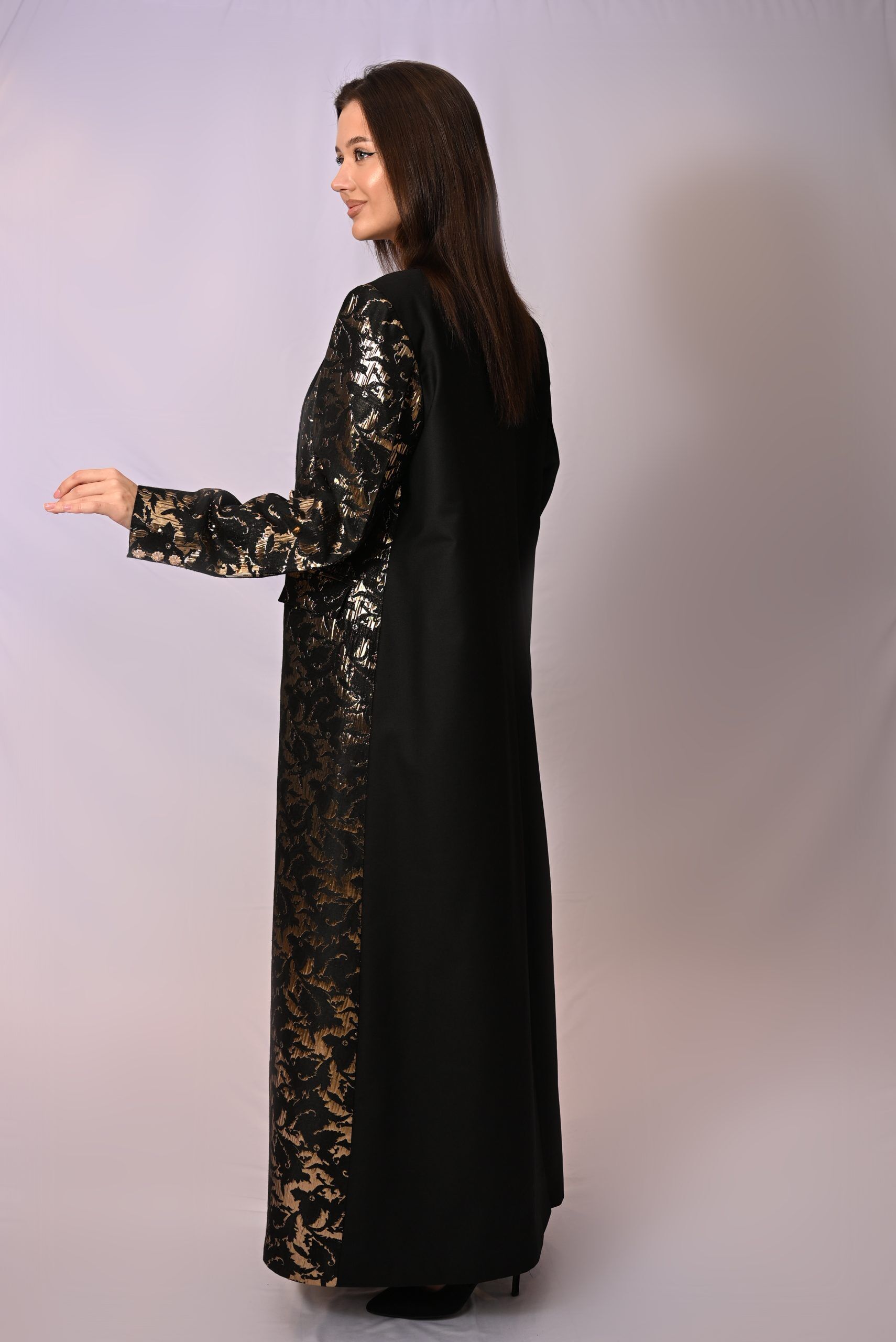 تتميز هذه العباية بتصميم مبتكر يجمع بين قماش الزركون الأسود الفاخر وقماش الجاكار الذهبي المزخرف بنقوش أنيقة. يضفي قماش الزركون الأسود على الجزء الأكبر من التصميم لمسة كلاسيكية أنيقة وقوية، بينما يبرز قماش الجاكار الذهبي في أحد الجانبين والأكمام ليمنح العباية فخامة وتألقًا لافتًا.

---------------

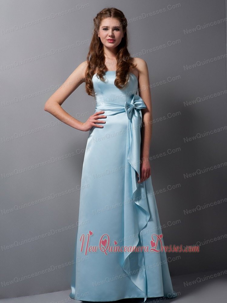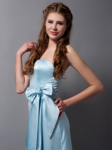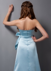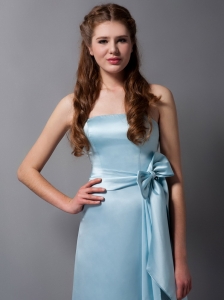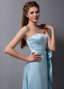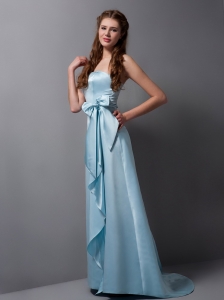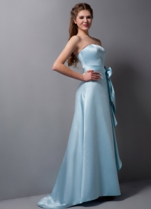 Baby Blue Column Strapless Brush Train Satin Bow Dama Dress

---------------

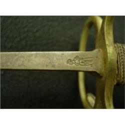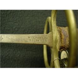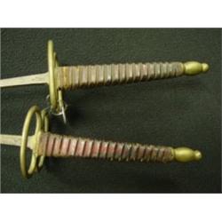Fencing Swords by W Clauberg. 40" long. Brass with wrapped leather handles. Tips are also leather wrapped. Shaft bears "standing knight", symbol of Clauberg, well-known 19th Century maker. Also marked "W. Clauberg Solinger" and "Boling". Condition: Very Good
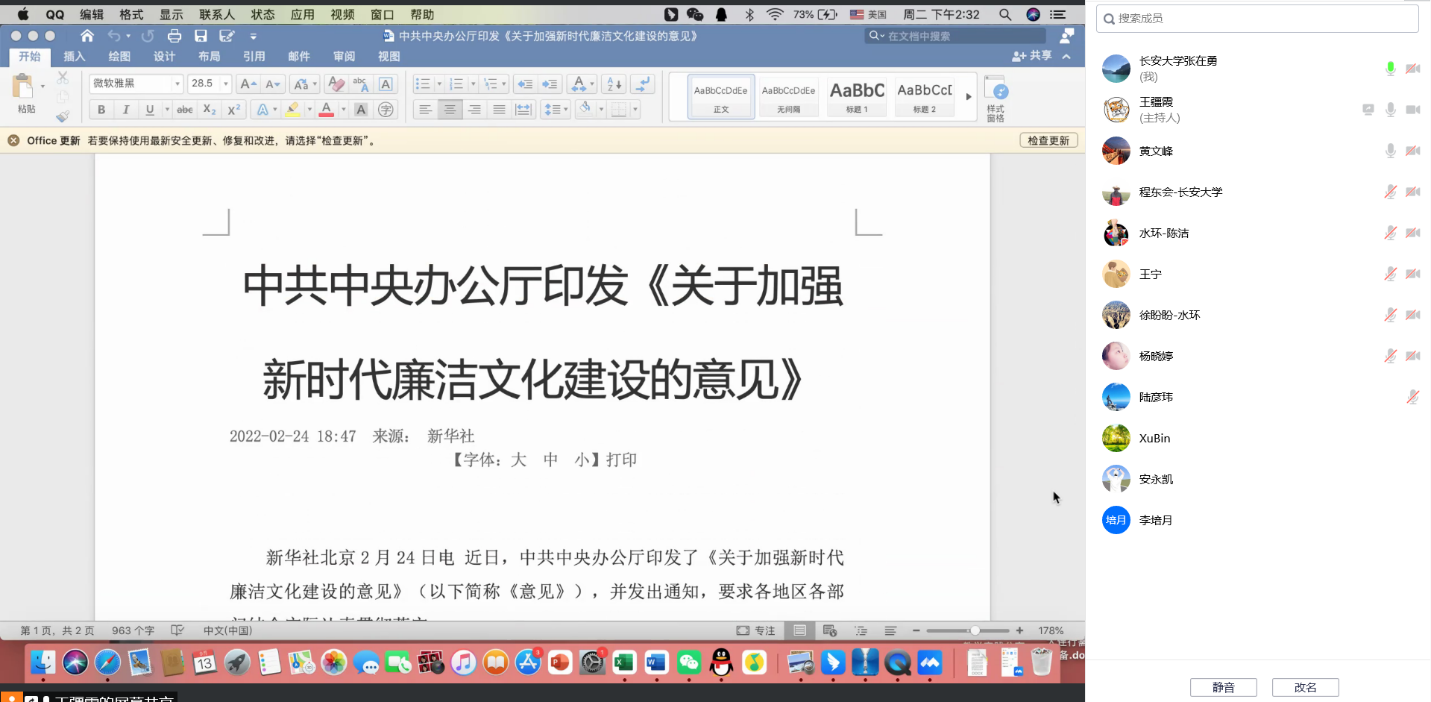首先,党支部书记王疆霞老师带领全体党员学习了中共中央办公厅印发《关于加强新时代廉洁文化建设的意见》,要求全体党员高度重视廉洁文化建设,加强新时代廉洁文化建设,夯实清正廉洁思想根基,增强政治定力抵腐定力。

---------------

Exercise brief
Every line above in the stretch from the one with "Fencing Swords by" through the one with "首先,党支部书记王疆霞老师带" is to be transcribed exactly, ends included. No picture is copied.

Reply to the exercise
Fencing Swords by W Clauberg. 40" long. Brass with wrapped leather handles. Tips are also leather wrapped. Shaft bears "standing knight", symbol of Clauberg, well-known 19th Century maker. Also marked "W. Clauberg Solinger" and "Boling". Condition: Very Good
首先,党支部书记王疆霞老师带领全体党员学习了中共中央办公厅印发《关于加强新时代廉洁文化建设的意见》,要求全体党员高度重视廉洁文化建设,加强新时代廉洁文化建设,夯实清正廉洁思想根基,增强政治定力抵腐定力。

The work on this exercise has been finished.